Sam's point about deploying the wrong model to unreachable devices hits home. In industrial IoT, the 'unreachable device' problem scales fast. When you have edge inference running on gateways across 200 customer sites with different network configurations, carrier environments, and physical access constraints, your OTA update infrastructure becomes as important as your model architecture. eSIM and carrier-agnostic connectivity help here -- you can't afford to be locked to one carrier when your devices are deployed across geographies with different coverage profiles.

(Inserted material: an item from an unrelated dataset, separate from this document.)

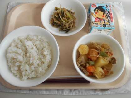 むぎごはん にくじゃが おかかいため 牛乳・・・今日は、和風メニューでした。にくじゃががじゃがいもと肉を中心に、野菜がたっぷりで、栄養満点でした。

Isabella's observation that 'portability of models does not mean portability of performance' extends beyond hardware to the full operational context. The same model running on the same chip performs differently when the factory is humid, when ambient temperature shifts thermal throttling thresholds, or when RF interference from nearby equipment degrades sensor input quality. Edge MLOps has to account for environmental variance that cloud deployments never face.
The one dimension I'd add to your takeaways: connectivity architecture deserves the same design-time attention as model architecture. Deciding how your edge device communicates -- cellular vs WiFi vs LoRa, which protocol stack, what QoS for model updates vs telemetry vs alerts -- shapes everything downstream. Get it wrong early and you're rebuilding your fleet management stack six months in.